WHAT YOU SHOULD DO:
Produce as output only the lines below starting at the line with "Baltic pine floors" and continuing through the line with "For the horse", each one exactly as written.

(INPUT FOR THIS TASK begins)

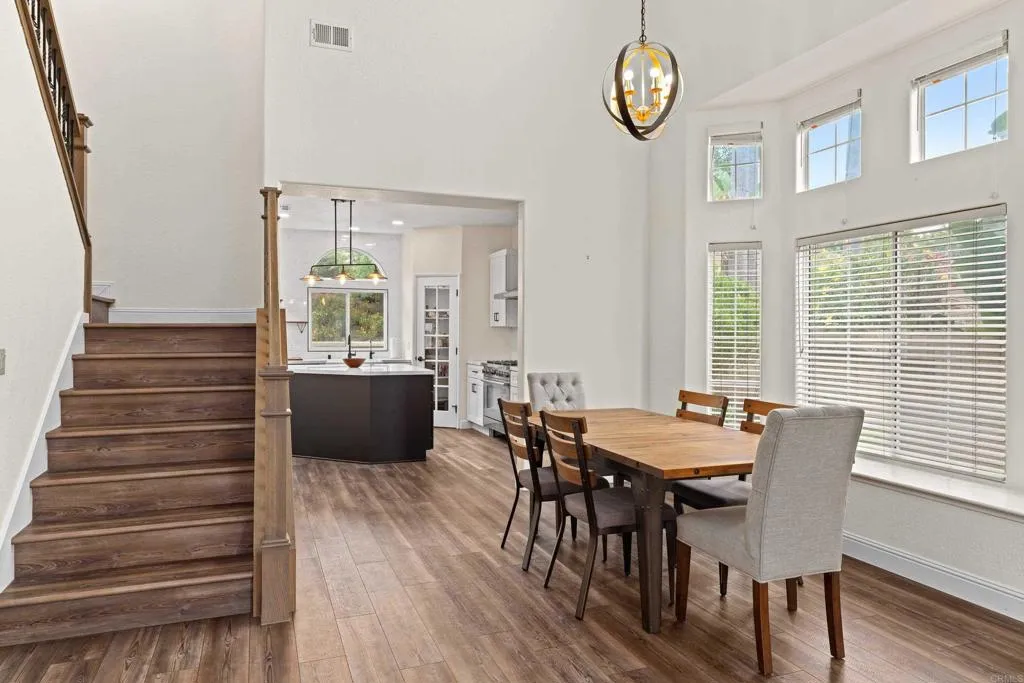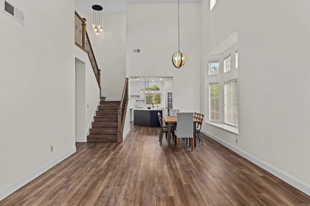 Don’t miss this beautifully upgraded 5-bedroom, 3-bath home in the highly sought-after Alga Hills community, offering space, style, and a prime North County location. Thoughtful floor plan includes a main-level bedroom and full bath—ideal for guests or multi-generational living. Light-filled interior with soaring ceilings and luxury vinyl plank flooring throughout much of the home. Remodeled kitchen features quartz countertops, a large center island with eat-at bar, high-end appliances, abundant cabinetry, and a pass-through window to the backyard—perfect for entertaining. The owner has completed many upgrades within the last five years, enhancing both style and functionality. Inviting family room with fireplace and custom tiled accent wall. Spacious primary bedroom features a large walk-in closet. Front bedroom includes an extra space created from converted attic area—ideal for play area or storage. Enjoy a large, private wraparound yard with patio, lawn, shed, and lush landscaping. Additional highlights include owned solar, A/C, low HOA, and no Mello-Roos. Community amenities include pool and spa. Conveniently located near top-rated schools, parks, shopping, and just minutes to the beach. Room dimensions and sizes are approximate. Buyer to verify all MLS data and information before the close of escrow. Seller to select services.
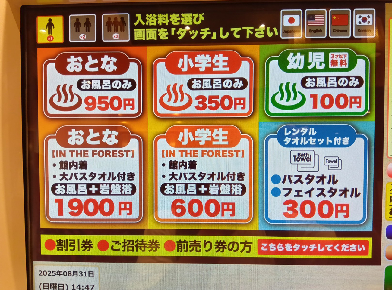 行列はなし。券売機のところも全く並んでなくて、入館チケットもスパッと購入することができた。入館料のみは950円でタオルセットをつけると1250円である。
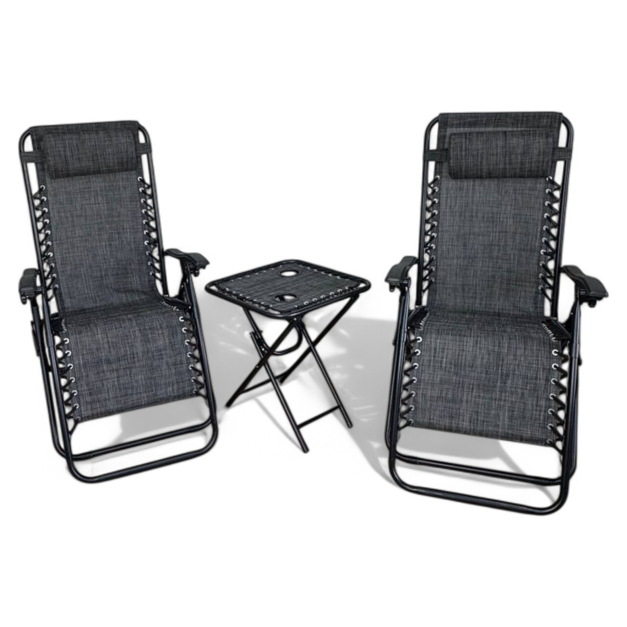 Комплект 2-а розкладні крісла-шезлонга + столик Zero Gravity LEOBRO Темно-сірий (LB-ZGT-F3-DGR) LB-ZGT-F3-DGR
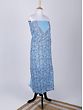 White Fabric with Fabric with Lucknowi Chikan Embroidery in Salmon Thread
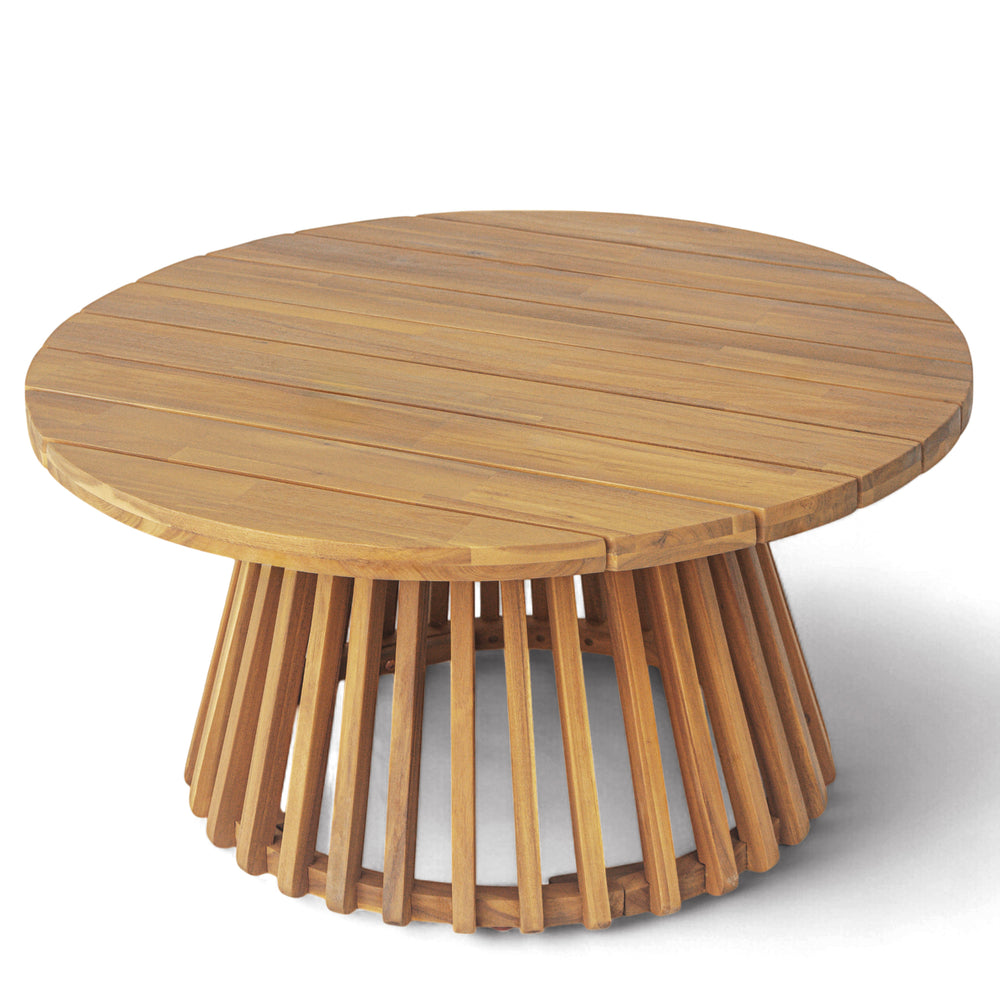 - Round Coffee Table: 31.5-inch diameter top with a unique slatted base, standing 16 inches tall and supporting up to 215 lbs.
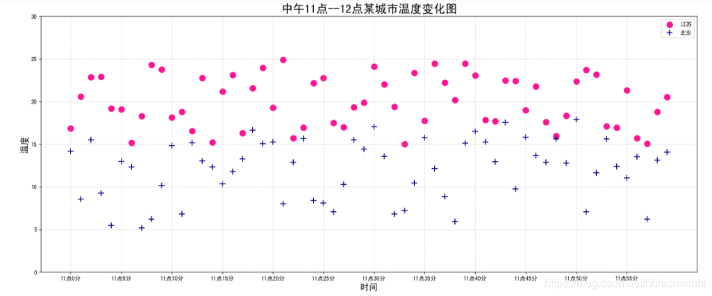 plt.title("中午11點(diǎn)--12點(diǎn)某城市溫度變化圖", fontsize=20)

(INPUT FOR THIS TASK ends)
(INPUT FOR THIS TASK begins)

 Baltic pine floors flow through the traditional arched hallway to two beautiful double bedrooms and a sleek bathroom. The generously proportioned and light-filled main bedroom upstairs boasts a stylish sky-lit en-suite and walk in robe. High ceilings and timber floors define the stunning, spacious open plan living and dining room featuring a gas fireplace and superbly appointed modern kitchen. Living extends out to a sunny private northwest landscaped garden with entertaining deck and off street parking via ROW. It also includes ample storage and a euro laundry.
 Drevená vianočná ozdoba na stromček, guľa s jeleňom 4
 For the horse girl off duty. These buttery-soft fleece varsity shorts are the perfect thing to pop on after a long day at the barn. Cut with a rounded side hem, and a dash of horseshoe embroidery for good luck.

(INPUT FOR THIS TASK ends)

SOLUTION TO THIS PROBLEM:
 Baltic pine floors flow through the traditional arched hallway to two beautiful double bedrooms and a sleek bathroom. The generously proportioned and light-filled main bedroom upstairs boasts a stylish sky-lit en-suite and walk in robe. High ceilings and timber floors define the stunning, spacious open plan living and dining room featuring a gas fireplace and superbly appointed modern kitchen. Living extends out to a sunny private northwest landscaped garden with entertaining deck and off street parking via ROW. It also includes ample storage and a euro laundry.
 Drevená vianočná ozdoba na stromček, guľa s jeleňom 4
 For the horse girl off duty. These buttery-soft fleece varsity shorts are the perfect thing to pop on after a long day at the barn. Cut with a rounded side hem, and a dash of horseshoe embroidery for good luck.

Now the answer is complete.